Records from a data collection
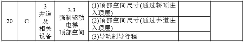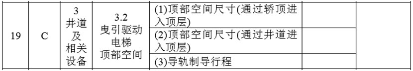 ②井道顶部最低部件与轿顶设备的最高部件之间的自由垂直距离不小于0.30 m,与导靴或者滚轮、钢丝绳附件、垂直滑动门横梁等的自由垂直距离不小于0.10 m;
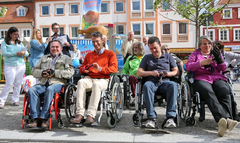 Im Rahmen des Aktionstags zum Thema Gleichstellung stiegen am heutigen Samstag, 12. Mai, acht Personen des öffentlichen Lebens freiwillig in einen Rollstuhl und erkundeten die Stadt aus dieser für sie ungewohnten Perspektive: Pfaffenhofens Bürgermeister Thomas Herker (SPD), SPD-Fraktionschef Markus Käser, die ehemalige Dritte Bürgermeisterin Monika Schratt (Grüne), Stadträtin Brigitte Axthammer (CSU), Stadtrat Manfred „Mensch“ Mayer (GfG), Kreisbaumeister Gunther-F.-L. Hasse und Susanne Pfaller vom Bayerischen Rundfunk sowie Elke Dürr, die Leiterin des Sachgebiets Familie, Jugend und Bildung am Landratsamt.
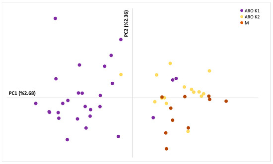 Scatter plot for genetic variation explained by the first two principal components (PCs). Individuals belonging to the ARO_K1, ARO_K2 and M populations are marked with different colors.
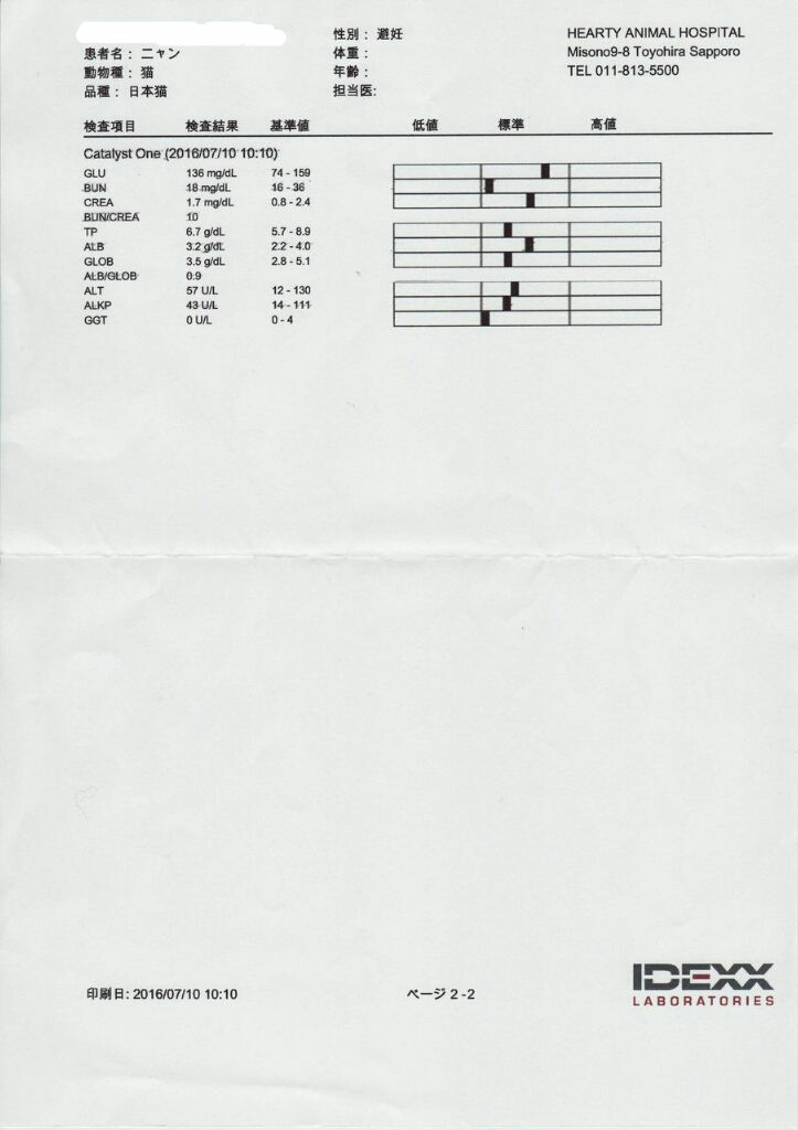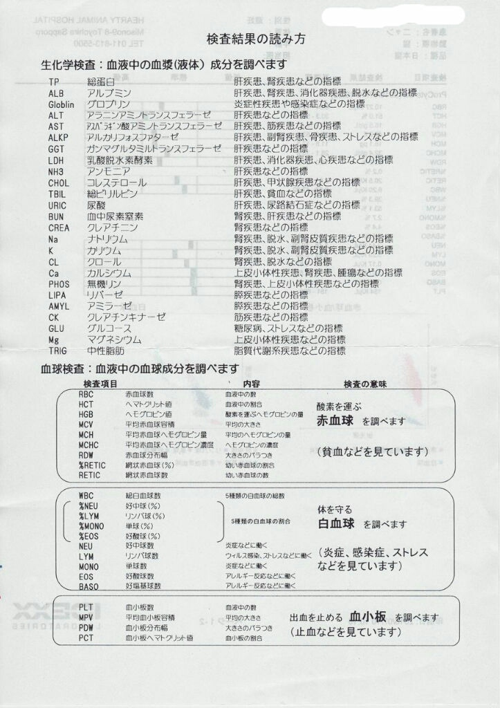 血液検査の結果
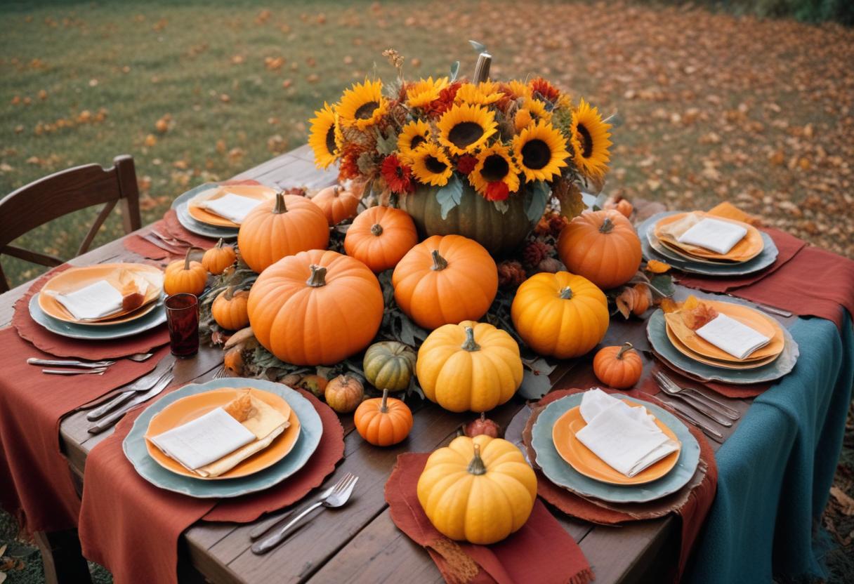 autumn, centerpiece, decoration, decorations, dinner, fall, harvest, holiday, home decor, napkins, orange, placemat, plates, pumpkin, rustic, setting, sunflowers, table, thanksgiving, wooden
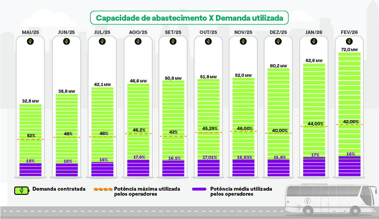 - A Enel Distribuição São Paulo informa que tem atendido a toda demanda de infraestrutura elétrica planejada e demandada pelos operadores de ônibus. Desde 2024, a companhia entregou 72 MW de energia a 25 garagens de ônibus, energia capaz de abastecer pelo menos 1.601 ônibus.
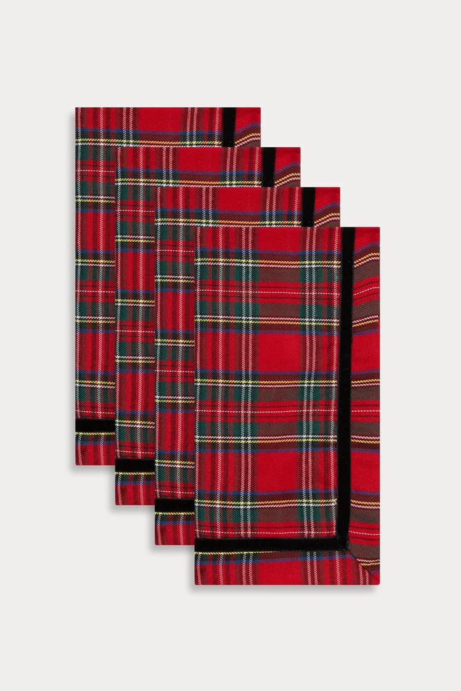 These classic and timeless Royal Stewart tartan napkins will be a holiday favorite for years to come. Trimmed with black velvet for just the right touch of elegance. These are easy care, no iron and no fuss.

◆ WORK TASK ◆
Word for word, print all of the data; skip the pictures.

◆ RESULT ◆
 ②井道顶部最低部件与轿顶设备的最高部件之间的自由垂直距离不小于0.30 m,与导靴或者滚轮、钢丝绳附件、垂直滑动门横梁等的自由垂直距离不小于0.10 m;
 Im Rahmen des Aktionstags zum Thema Gleichstellung stiegen am heutigen Samstag, 12. Mai, acht Personen des öffentlichen Lebens freiwillig in einen Rollstuhl und erkundeten die Stadt aus dieser für sie ungewohnten Perspektive: Pfaffenhofens Bürgermeister Thomas Herker (SPD), SPD-Fraktionschef Markus Käser, die ehemalige Dritte Bürgermeisterin Monika Schratt (Grüne), Stadträtin Brigitte Axthammer (CSU), Stadtrat Manfred „Mensch“ Mayer (GfG), Kreisbaumeister Gunther-F.-L. Hasse und Susanne Pfaller vom Bayerischen Rundfunk sowie Elke Dürr, die Leiterin des Sachgebiets Familie, Jugend und Bildung am Landratsamt.
 Scatter plot for genetic variation explained by the first two principal components (PCs). Individuals belonging to the ARO_K1, ARO_K2 and M populations are marked with different colors.
 血液検査の結果
 autumn, centerpiece, decoration, decorations, dinner, fall, harvest, holiday, home decor, napkins, orange, placemat, plates, pumpkin, rustic, setting, sunflowers, table, thanksgiving, wooden
 - A Enel Distribuição São Paulo informa que tem atendido a toda demanda de infraestrutura elétrica planejada e demandada pelos operadores de ônibus. Desde 2024, a companhia entregou 72 MW de energia a 25 garagens de ônibus, energia capaz de abastecer pelo menos 1.601 ônibus.
 These classic and timeless Royal Stewart tartan napkins will be a holiday favorite for years to come. Trimmed with black velvet for just the right touch of elegance. These are easy care, no iron and no fuss.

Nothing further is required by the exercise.